Cláudio Silva (CE)*
Recebi uma ligação de um jovem, 22, que fora preso durante
as manifestações ocorridas no período da Copa das Confederações. No dia seguinte
seria ouvido em algum Juizado Especial Criminal. Confuso, sem orientação
jurídica, não sabia a origem da “intimação”, apenas que sua mãe recebera uma
ligação pela manhã, comunicando que seu filho deveria comparecer “na justiça”,
no dia seguinte.
Acusação: incitação ao crime (3 a 6 meses de detenção).
Fato: o rapaz, sem qualquer antecedente criminal ou qualquer conduta que
signifique qualquer coisa próxima de um delito, estava sentado, na
manifestação, quando foi preso, juntamente com dezenas de outras manifestantes.
Manifestar-se não é crime. Crime é impedir que alguém se
manifeste.
No dia seguinte, o jovem compareceu – sem acompanhamento de
advogado, por circunstâncias que inviabilizaram que sua família constituísse um
assessor – ao Juizado Especial Criminal onde ouviu do representante do
Ministério Público o oferecimento da transação criminal ("acordo"). A
proposta, em síntese simplificada: o jovem manifestante paga um valor de 1
salário mínio e meio (algo mais de R$ 1.000,00) e não sofrerá o constrangimento,
gastos (de dinheiro e tempo) e o “peso” de um procedimento em juizado criminal.
O jovem me diz ao telefone, confuso e constrangido, que sua
mãe pagará o valor para encerrar a questão.
Caso encerrado!
Pergunta-se: quais as consequências dessa situação para uma
suposta diminuição das condutas criminosas e efetivação da justiça? Qual o
efeito desse procedimento para o avanço do Direito e aprimoramento da
Democracia? Nenhum, quase nenhum ou mesmo um grande retrocesso.
Pergunta-se, agora, dissimuladamente: e quais as
consequências dessa situação para o jovem manifestante, para sua família e para
qualquer grupo em que ele porventura esteja organizado? Como se sente um jovem
estudante, 22 anos, que talvez participasse de suas primeiras manifestações?
Esse caso é específico, mas não é pontual ou isolado. Antes
disso, ilustra uma grave situação no Brasil.
Precisamos discutir com a sociedade – da forma mais ampla
possível – a necessidade de recolocar as manifestações, protestos,
reivindicações etc. como uma ação democrática, popular, legítima e legal.

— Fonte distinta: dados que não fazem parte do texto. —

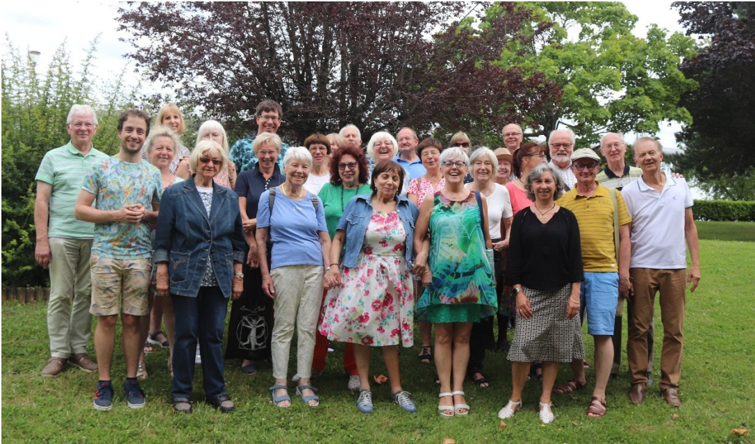
Université des Nations au lycée René Cassin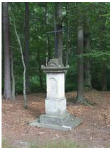
Kříž u Hamerského potoka poblíž Naděje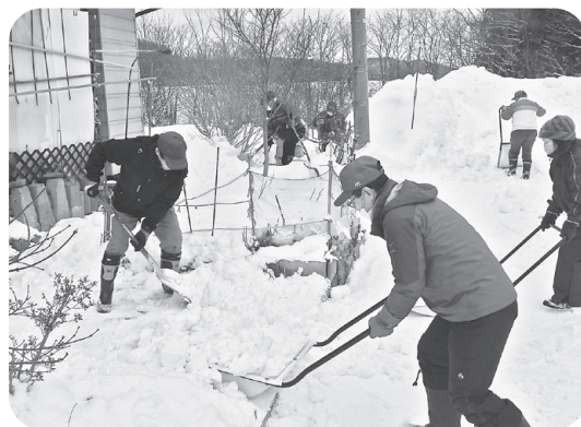
安代地区スノーバスターズ (除雪ボランティア) 活動の様子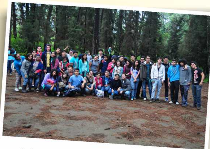
Integración de los representantes de los grupos estudiantiles

La Universidad La Salle México atiende a más de 10,000 Estudiantes.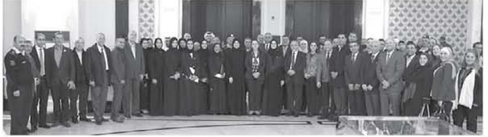
دبي - الأنباط

عقدت فرق العمل المشتركة من حكومتى دولة الإمارات العربية المتحدة والمملكة الأردنية الهاشمية ورش عمل متخصصة حول التجربة الإماراتية الرائدة في مجال تطوير التسرعات الحكومية لتلك هذه التجربة الرائدة في العمل الحكومي تطبقها في الأردن.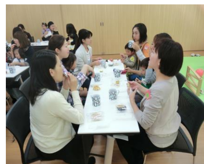
美味しい珈琲で会話もはずむ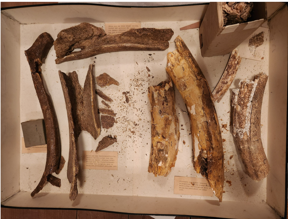
Bildlegende: Ehemalige Lagerung der fragilen Mammutgebeine, ungereinigt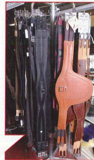
Le choix de la sangle dépend notamment de la discipline pratiquée. Un modèle à bavette est parfait pour le saut d'obstacles.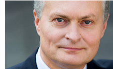
Dr. Gitanas Nausėda Ekonomistas, SEB banko prezidento patarėjas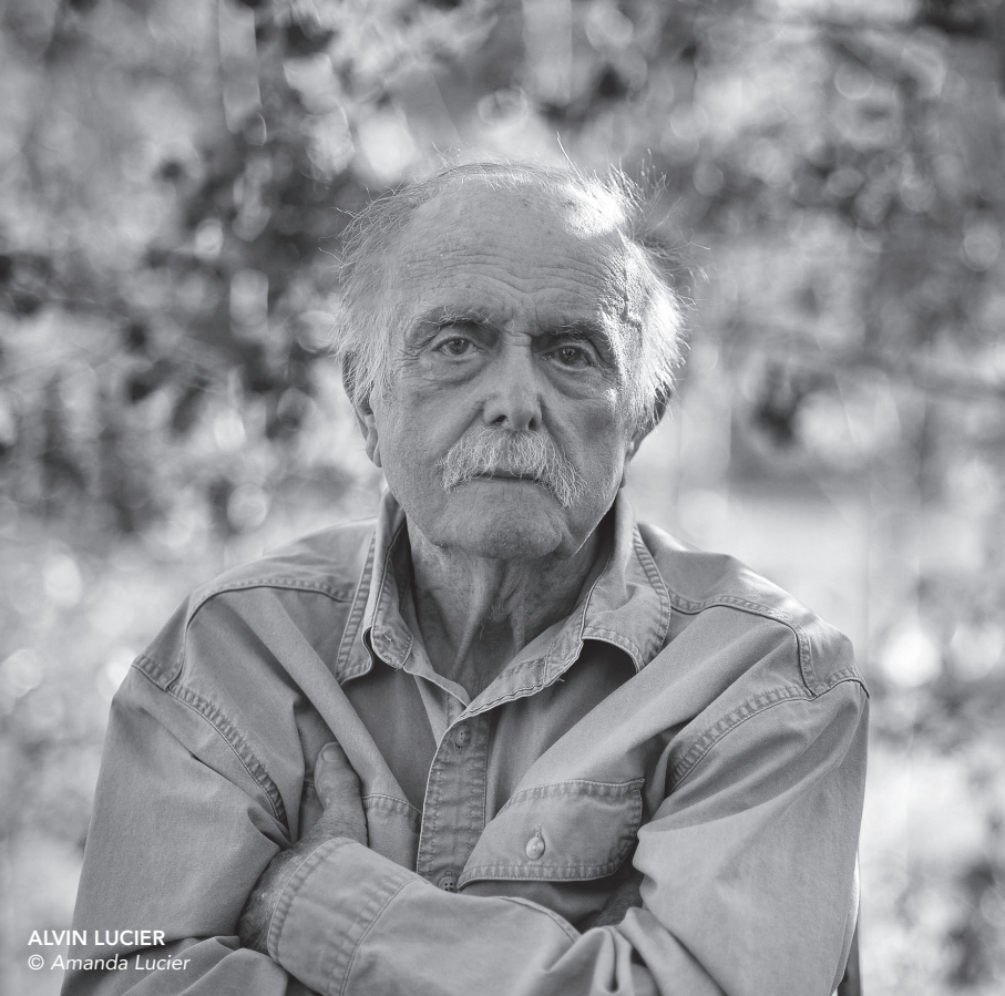
ALVIN LUCIER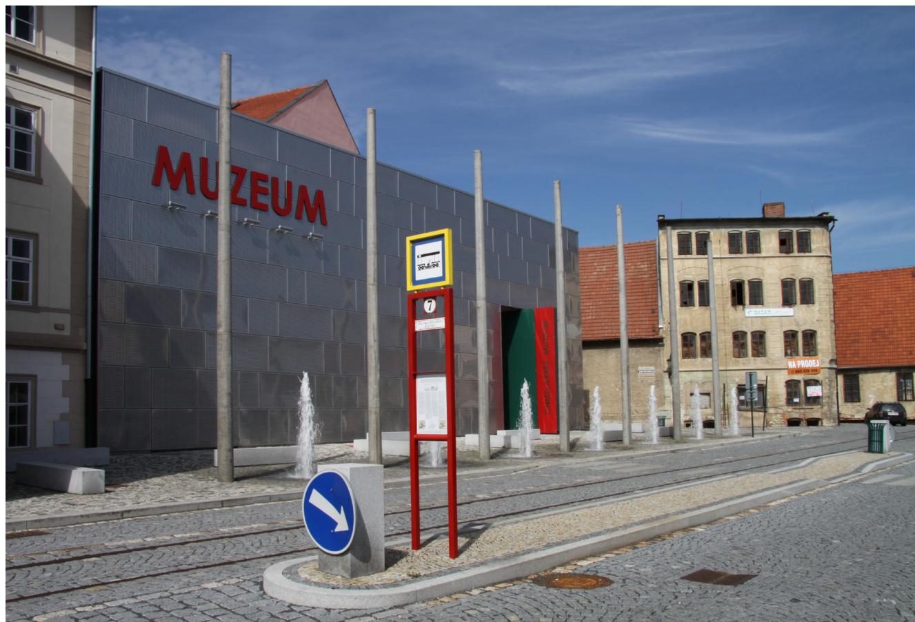
Obr. 7. Čelní průčelí přístavby muzea.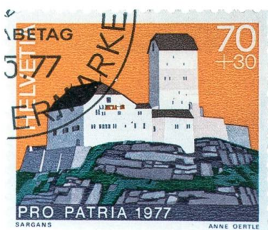
Schloss Sargans, Pro-Patria-Marke mit Wertangabe und einem Wertzuschlag, mit dem die definierten Projekte unterstützt wurden.

Erwähnenswert ist auch die auf der Briefmarke abgebildete Rheinbrücke. Nach dem Einsturz der Steinbrücke 1754 entschied sich der Rat von Schaffhausen für den Bau einer Holzbrücke über den Rhein. Der Vorschlag von Grubenmann sah vor, eine stützenlose Brücke von gegen 120 Meter Spannweite zu bauen. Der Rat sprach sich für einen Stützpfeiler in der Mitte der Brücke aus. Das Holzbauwerk wurde mit dem Ende der Französischen Revolution völlig zerstört, und damit ging ein Meisterwerk der Grubenmann-Familie verloren.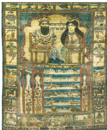
تصویر ۲: ملکهٔ صبا و حضرت سلیمان، بافت کاشان، مربوط به اواسط قرن ۱۳ ه.ق (Felton 2002, 58)

پیکرهٔ مطالعاتی این پژوهش، قالیچه‌ای است که به‌نام مشاهیر یا رهبران جهان شناخته شده است. این قالیچه، بافت کارخانهٔ میلانی کرمان است که در اندازهٔ ۲/۴۳×۱/۵۲ متر با کرک پشمی بافته شده است. متن کلامی در قالیچه به دو زبان فارسی و فرانسوی بافته شده است. امضای اصلی که نام کارخانهٔ میلانی است، در بالای قالیچه به زبان فرانسوی و در پایین حاشیهٔ بزرگ‌تر به زبان فارسی بافته شده است. قالیچه شامل سه حاشیهٔ اصلی است. اگر جهت خوانش از بیرون به درون در نظر گرفته شود، بیرونی‌ترین قسمت، حاشیهٔ باریکی است پوشیده از نقوش ختایی. در این حاشیه، در بالا به فرانسوی نوشته شده است: «کارخانهٔ میلانی کرمان» ۵ . قسمت دوم و حاشیهٔ بزرگ‌تر شامل ۵۴ شمشه است که درون هر یک از آن‌ها نام یکی از بزرگان جهان با عددی در کنار آن نوشته شده است. اعداد اختصاص یافته به پیامبران، (۱ موسی، ۲ سلیمان و ۱۸ حضرت محمد(ص) است و آخرین شماره یعنی ۵۴ به ناپلئون اختصاص دارد. حاشیهٔ باریک دیگر، شامل ۵۵ کتیبهٔ هم‌اندازه و دو کتیبهٔ بزرگ است. درون کتیبه‌های کوچک، ک نام بزرگان به زبان فرانسوی بافته شده است. درون کتیبهٔ بزرگ، نام کارخانهٔ میلانی آمده است. در زمینهٔ قالی، زیر سنتوری معابد یونانی، بزرگان جهان از موسی

Qualquer pessoa pode e deve se manifestar contra algo injusto. Quando isso
ocorrer de forma organizada, mais ainda deve ser defendido.
As acusações, corriqueiras, infelizmente, dos últimos meses,
de “incitação ao crime”, a quem está se manifestando, devem ser completamente
repudiadas, sob pena de criarmos um “clima” que inviabilize qualquer
manifestação.
Manifestar-se é ato mais completo e objetivo de exercício de
democracia!
Nessa luta – pelo direito a exercer o direito de
manifestar-se – precisamos aglutinar o maior número de pessoas, setores sociais
e interesses populares (vou falar apenas do Sistema de Justiça e da
Comunicação):
- O Ministério Público não deve ser instrumento de
criminalização casuística, infundada e ilegítima. Deve realizar sua função:
Promotor de Justiça;
- O Judiciário não deve sofrer pressão dos meios de
comunicação empresariais, voltados para o lucro da publicidade e interesses
comerciais, e não a efetivação dos Direitos Humanos e da solução dos problemas
do povo brasileiro;
- Devemos fortalecer a Defensoria Pública como instrumento
de acesso à justiça “justa”, pelos mais pobres;
- A grande parcela dos servidores da polícia civil e militar
são jovens trabalhadores mal remunerados, que realizam um ofício difícil e
degradante. As greves e protestos realizados pelas polícias (militar, civil e
federal) têm demonstrado várias de suas pautas trabalhistas, sindicais e
legítimos interesses;
- Necessitamos de meios de comunicação populares, ao
contrário das poucas empresas que controlam o sistema de comunicação social do
Brasil.
Enfim, precisamos construir uma ampla aliança em torno das
pautas populares no Brasil. Sem essa aliança, por mais fundamentadas que sejam
nossas teses jurídicas e argumentos políticos, não conseguiremos vencer. E,
nossa vitória, é a efetivação dos direitos do povo brasileiro.